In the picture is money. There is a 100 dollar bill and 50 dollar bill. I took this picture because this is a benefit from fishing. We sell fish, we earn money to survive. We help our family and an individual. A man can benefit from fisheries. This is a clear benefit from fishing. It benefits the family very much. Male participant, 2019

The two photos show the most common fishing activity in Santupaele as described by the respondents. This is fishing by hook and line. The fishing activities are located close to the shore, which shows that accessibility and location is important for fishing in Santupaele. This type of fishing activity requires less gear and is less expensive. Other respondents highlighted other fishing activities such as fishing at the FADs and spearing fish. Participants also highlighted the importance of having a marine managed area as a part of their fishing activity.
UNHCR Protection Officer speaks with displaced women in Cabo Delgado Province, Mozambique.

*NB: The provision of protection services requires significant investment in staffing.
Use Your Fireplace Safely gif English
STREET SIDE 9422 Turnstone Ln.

---

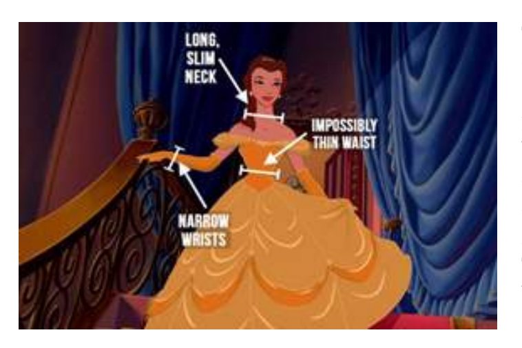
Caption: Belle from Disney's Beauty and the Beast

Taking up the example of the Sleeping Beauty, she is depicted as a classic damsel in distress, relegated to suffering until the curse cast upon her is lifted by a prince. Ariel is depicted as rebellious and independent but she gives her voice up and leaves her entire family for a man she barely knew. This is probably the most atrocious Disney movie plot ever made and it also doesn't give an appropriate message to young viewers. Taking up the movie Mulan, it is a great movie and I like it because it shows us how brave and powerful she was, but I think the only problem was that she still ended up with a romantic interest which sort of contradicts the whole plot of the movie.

What the exercise asks:
Given the records above, reproduce precisely and only the lines between the line holding "investment in staffing." and the line holding "STREET SIDE 9422 Turnstone Ln.", inclusive.

Answer section:
*NB: The provision of protection services requires significant investment in staffing.
Use Your Fireplace Safely gif English
STREET SIDE 9422 Turnstone Ln.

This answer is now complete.